• _What is expected_: Skip the pictures and restate, word for word, the lines from the one containing "KALOS needed a" to the end of the data below.

• _Data block_:
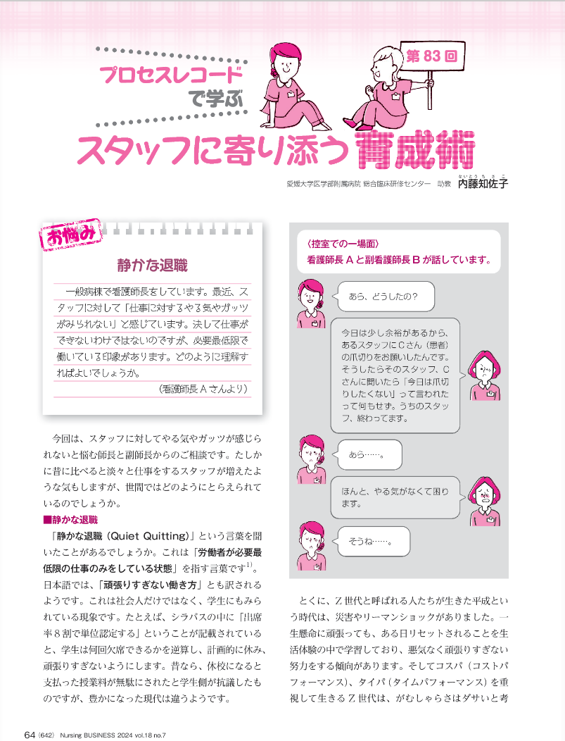今回ご紹介するのは、Nursing BUSINESSの連載『プロセスレコードで学ぶスタッフに寄り添う育成術:静かな退職』(2024年7月号)です。著者は看護教育やシミュレーション教育を通して指導者の育成に取り組んでいる、内藤知佐子氏です。
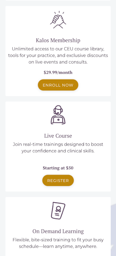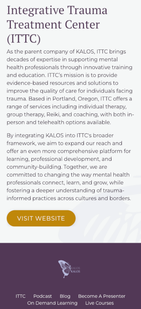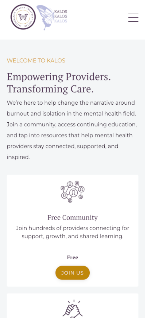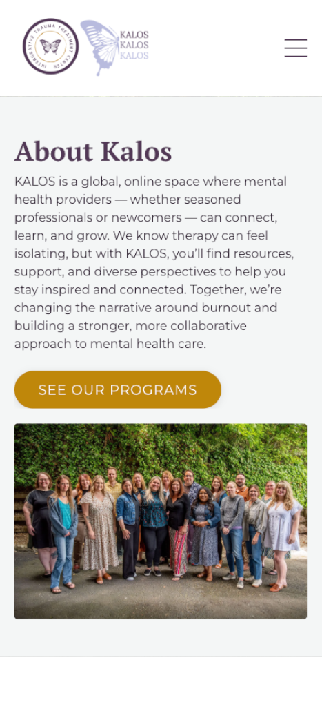 KALOS needed a redesigned website that could better serve its growing community of therapists, trainees, and individuals seeking support. Our goal was to create a platform that reflects their mission of connection, collaboration, and accessible mental health education. The new site organizes its offerings into clear pathways: professional training, therapist resources, and client-focused information, ensuring each audience can quickly find what they need.
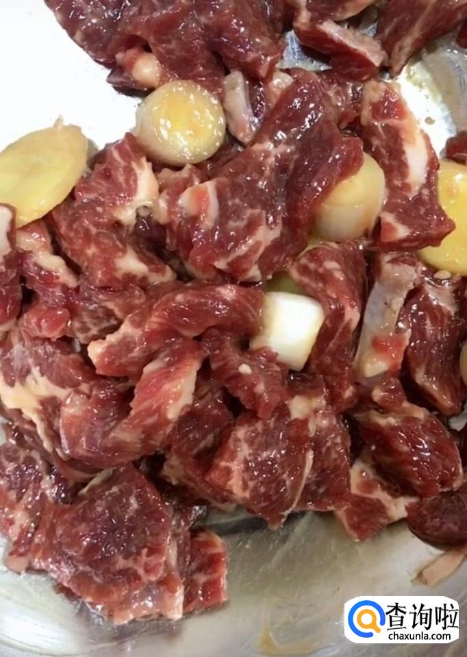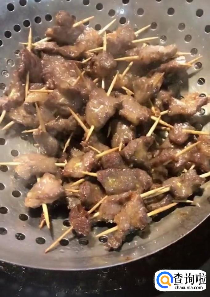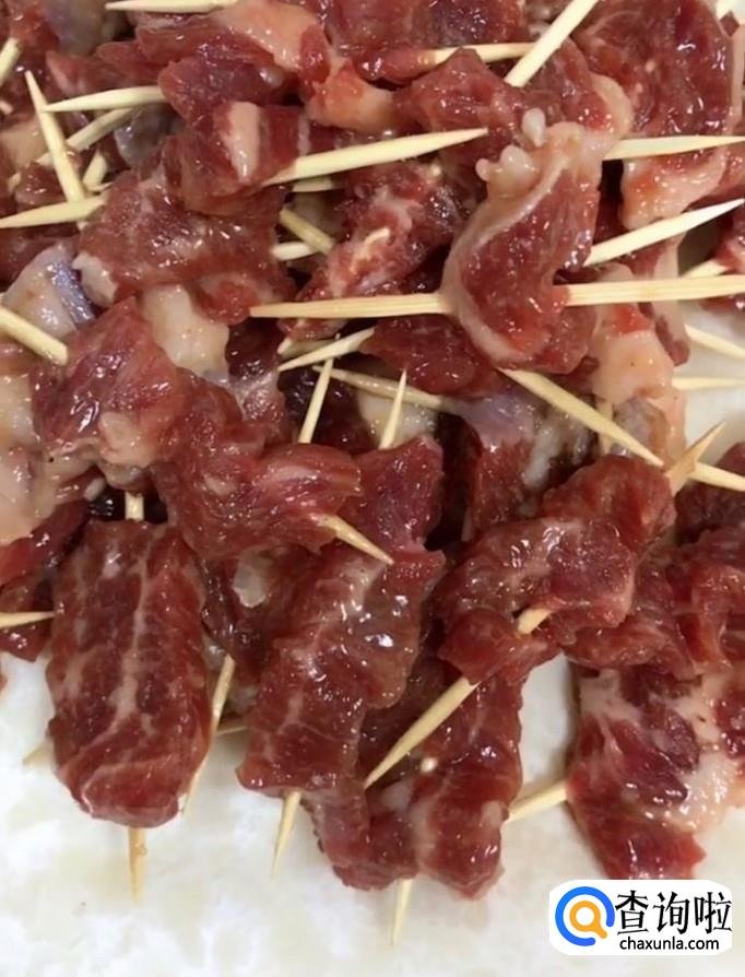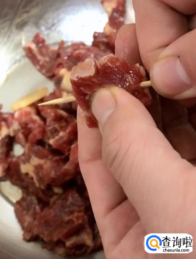 接着我们将腌好的牛肉用牙签串起来,放入盘中备用

• _Answer to the exercise_:
 KALOS needed a redesigned website that could better serve its growing community of therapists, trainees, and individuals seeking support. Our goal was to create a platform that reflects their mission of connection, collaboration, and accessible mental health education. The new site organizes its offerings into clear pathways: professional training, therapist resources, and client-focused information, ensuring each audience can quickly find what they need.
 接着我们将腌好的牛肉用牙签串起来,放入盘中备用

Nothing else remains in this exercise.